The efficiency of the algorithm is not good - somewhere around O(n log n) - I hope you don't need to do this millions of times.
If you want the points to appear in a predictable order (say leftmost one at the start) you could add a fake point at the start of the list before rebuilding it and remove it after. The algorithm will always leave the first point alone.
My thinking is that you first need a mathematical definition of your ordering.
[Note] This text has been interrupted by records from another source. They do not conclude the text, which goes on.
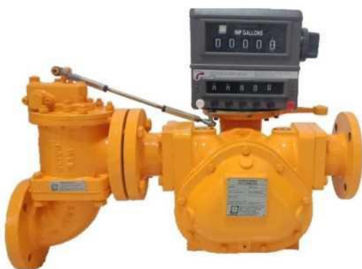
Fig.4: Meter with Mechanical Preset Assembly
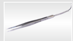
Option: EBP 50

Heated forceps for the direct connection to the dispenser unit.
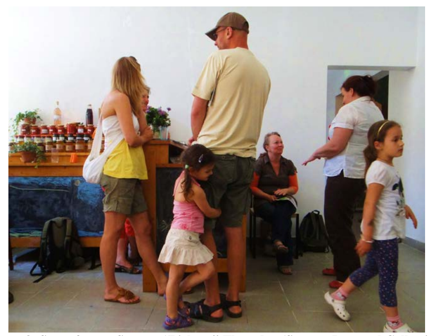
Image 8: Scene from a Szatyor "Pick up" Thursday
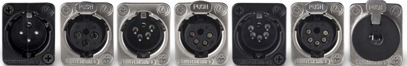
E3MSCB E3FSC E4MSC E4FSC E5MSCB E5FSC E112BL
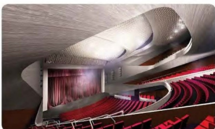
1450-seat Lyric Theatre (LT) 1450 個座位的演藝劇場
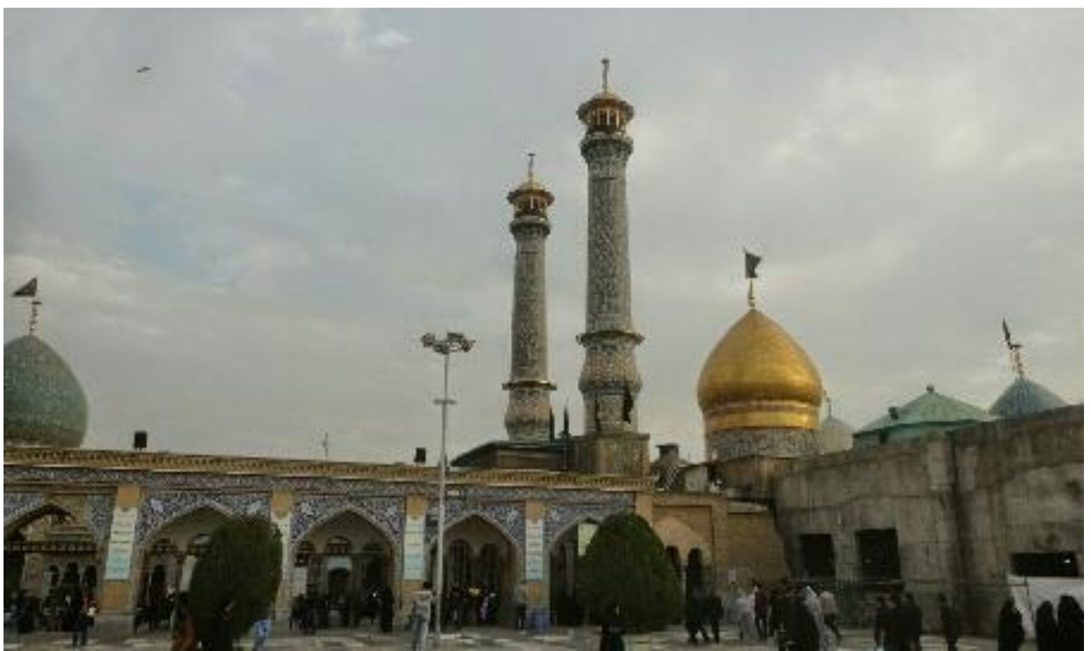
Shah Abdol Azim Shrine
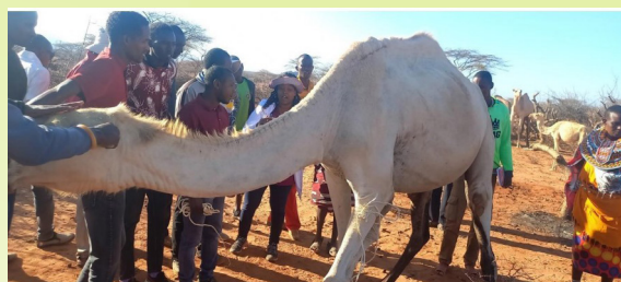
Camel health peer-to-peer learning.

I suggest (Note, this definition wasn't clear in the original question, left here for completeness):
Starting with placing any point in the sequence, then perpetually append to the sequence the point closest to the current point and that hasn't already been appended to the sequence, until all points are appended to the sequence.
Thus with this definition of the ordering, you can derive a simple algorithm for this
ArrayList<point> orderedList = new ArrayList<point>();
orderedList.add(myList.remove(0)); //Arbitrary starting point
while (myList.size() > 0) {
//Find the index of the closest point (using another method)
int nearestIndex=findNearestIndex(orderedList.get(orderedList.size()-1), myList);
//Remove from the unorderedList and add to the ordered one
orderedList.add(myList.remove(nearestIndex));
}
The above is pretty universal (regardless of the algorithm for finding the next point). Then the "findNearestIndex" method could be defined as:
//Note this is intentially a simple algorithm, many faster options are out there
int findNearestIndex (point thisPoint, ArrayList listToSearch) {
double nearestDistSquared=Double.POSITIVE_INFINITY;
int nearestIndex;
for (int i=0; i< listToSearch.size(); i++) {
point point2=listToSearch.get(i);
distsq = (thisPoint.x - point2.x)*(thisPoint.x - point2.x)
+ (thisPoint.y - point2.y)*(thisPoint.y - point2.y);
if(distsq < nearestDistSquared) {
nearestDistSquared = distsq;
nearestIndex=i;
}
}
return nearestIndex;
}
Update: Since the question was revised to largely adopt the definition I used, I took out some of the caveats.